+++ Dataset excerpts

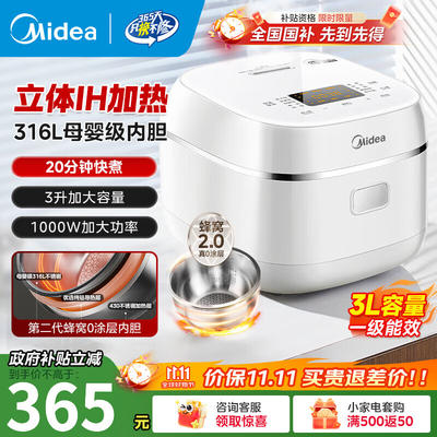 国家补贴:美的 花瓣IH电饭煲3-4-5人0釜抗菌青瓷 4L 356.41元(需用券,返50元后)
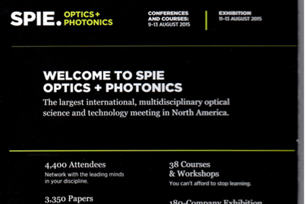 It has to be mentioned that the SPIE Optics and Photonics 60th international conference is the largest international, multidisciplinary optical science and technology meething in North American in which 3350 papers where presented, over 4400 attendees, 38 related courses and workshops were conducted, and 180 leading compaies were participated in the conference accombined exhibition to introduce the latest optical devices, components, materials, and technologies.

++++++
+++ Dataset excerpts

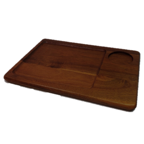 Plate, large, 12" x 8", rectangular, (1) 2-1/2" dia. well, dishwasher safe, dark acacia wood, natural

++++++

Exercise description:
From the records above, copy only the lines running from the line holding "国家补贴:美的 花瓣IH电饭煲3-4-5人0釜抗菌青瓷 4L" through the line holding "It has to be", with no pictures.

Worked solution:
 国家补贴:美的 花瓣IH电饭煲3-4-5人0釜抗菌青瓷 4L 356.41元(需用券,返50元后)
 It has to be mentioned that the SPIE Optics and Photonics 60th international conference is the largest international, multidisciplinary optical science and technology meething in North American in which 3350 papers where presented, over 4400 attendees, 38 related courses and workshops were conducted, and 180 leading compaies were participated in the conference accombined exhibition to introduce the latest optical devices, components, materials, and technologies.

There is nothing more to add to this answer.